━━━━━ GIVEN MATERIAL ━━━━━

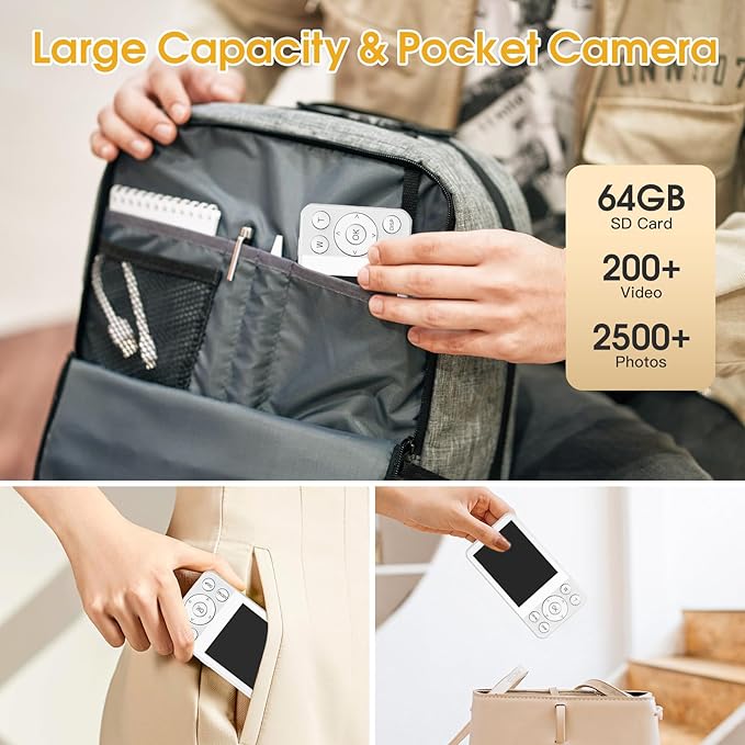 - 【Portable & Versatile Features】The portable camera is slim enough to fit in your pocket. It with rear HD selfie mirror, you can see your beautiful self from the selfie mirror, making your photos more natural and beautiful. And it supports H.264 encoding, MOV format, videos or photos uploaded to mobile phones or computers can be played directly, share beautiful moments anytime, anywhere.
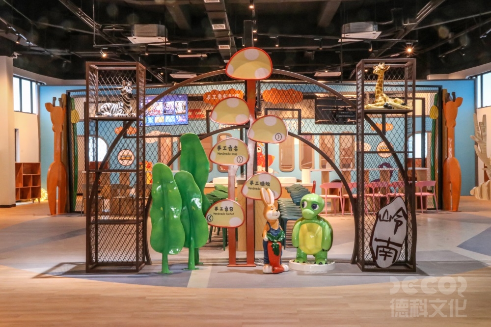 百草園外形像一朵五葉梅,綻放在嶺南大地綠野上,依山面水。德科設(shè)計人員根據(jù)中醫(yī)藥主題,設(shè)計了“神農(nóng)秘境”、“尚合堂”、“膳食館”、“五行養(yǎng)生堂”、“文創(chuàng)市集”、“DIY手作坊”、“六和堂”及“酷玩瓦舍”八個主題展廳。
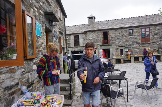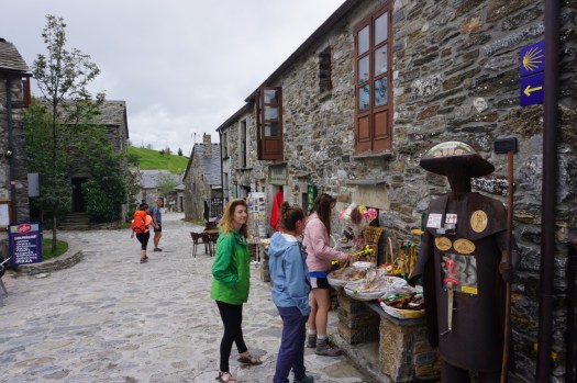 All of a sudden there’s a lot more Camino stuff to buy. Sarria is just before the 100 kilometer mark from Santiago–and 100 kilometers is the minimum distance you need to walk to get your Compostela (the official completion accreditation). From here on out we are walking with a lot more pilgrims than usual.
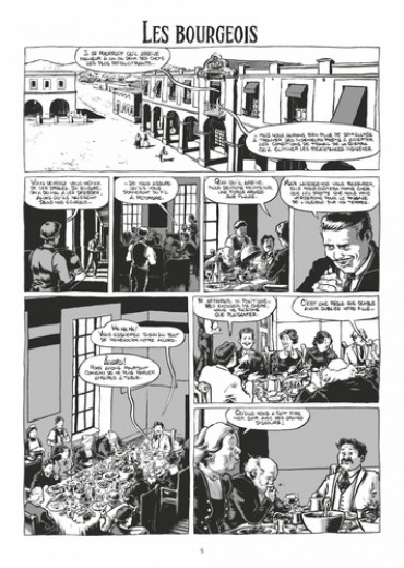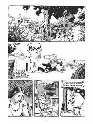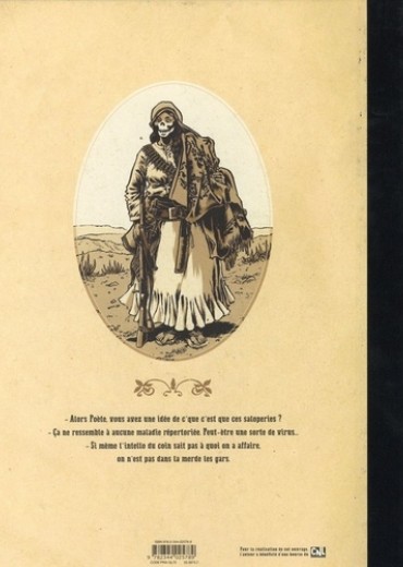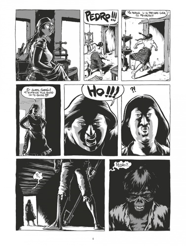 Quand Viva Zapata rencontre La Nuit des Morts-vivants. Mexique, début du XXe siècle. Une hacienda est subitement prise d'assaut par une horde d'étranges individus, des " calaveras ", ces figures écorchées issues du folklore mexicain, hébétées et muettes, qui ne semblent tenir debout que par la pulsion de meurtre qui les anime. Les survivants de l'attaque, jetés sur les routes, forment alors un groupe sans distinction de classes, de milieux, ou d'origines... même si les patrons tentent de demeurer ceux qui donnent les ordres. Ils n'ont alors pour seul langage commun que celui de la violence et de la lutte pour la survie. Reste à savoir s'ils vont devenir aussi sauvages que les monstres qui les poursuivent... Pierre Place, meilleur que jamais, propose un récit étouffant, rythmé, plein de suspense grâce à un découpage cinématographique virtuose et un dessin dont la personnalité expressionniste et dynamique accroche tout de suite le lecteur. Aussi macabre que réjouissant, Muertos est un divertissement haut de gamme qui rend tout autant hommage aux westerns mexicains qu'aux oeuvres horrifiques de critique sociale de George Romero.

━━━━━

**TASK DIRECTIONS**:
Would you transcribe the whole listing above exactly? The pictures should not be included.

**OUTPUT OF THE TASK**:
 - 【Portable & Versatile Features】The portable camera is slim enough to fit in your pocket. It with rear HD selfie mirror, you can see your beautiful self from the selfie mirror, making your photos more natural and beautiful. And it supports H.264 encoding, MOV format, videos or photos uploaded to mobile phones or computers can be played directly, share beautiful moments anytime, anywhere.
 百草園外形像一朵五葉梅,綻放在嶺南大地綠野上,依山面水。德科設(shè)計人員根據(jù)中醫(yī)藥主題,設(shè)計了“神農(nóng)秘境”、“尚合堂”、“膳食館”、“五行養(yǎng)生堂”、“文創(chuàng)市集”、“DIY手作坊”、“六和堂”及“酷玩瓦舍”八個主題展廳。
 All of a sudden there’s a lot more Camino stuff to buy. Sarria is just before the 100 kilometer mark from Santiago–and 100 kilometers is the minimum distance you need to walk to get your Compostela (the official completion accreditation). From here on out we are walking with a lot more pilgrims than usual.
 Quand Viva Zapata rencontre La Nuit des Morts-vivants. Mexique, début du XXe siècle. Une hacienda est subitement prise d'assaut par une horde d'étranges individus, des " calaveras ", ces figures écorchées issues du folklore mexicain, hébétées et muettes, qui ne semblent tenir debout que par la pulsion de meurtre qui les anime. Les survivants de l'attaque, jetés sur les routes, forment alors un groupe sans distinction de classes, de milieux, ou d'origines... même si les patrons tentent de demeurer ceux qui donnent les ordres. Ils n'ont alors pour seul langage commun que celui de la violence et de la lutte pour la survie. Reste à savoir s'ils vont devenir aussi sauvages que les monstres qui les poursuivent... Pierre Place, meilleur que jamais, propose un récit étouffant, rythmé, plein de suspense grâce à un découpage cinématographique virtuose et un dessin dont la personnalité expressionniste et dynamique accroche tout de suite le lecteur. Aussi macabre que réjouissant, Muertos est un divertissement haut de gamme qui rend tout autant hommage aux westerns mexicains qu'aux oeuvres horrifiques de critique sociale de George Romero.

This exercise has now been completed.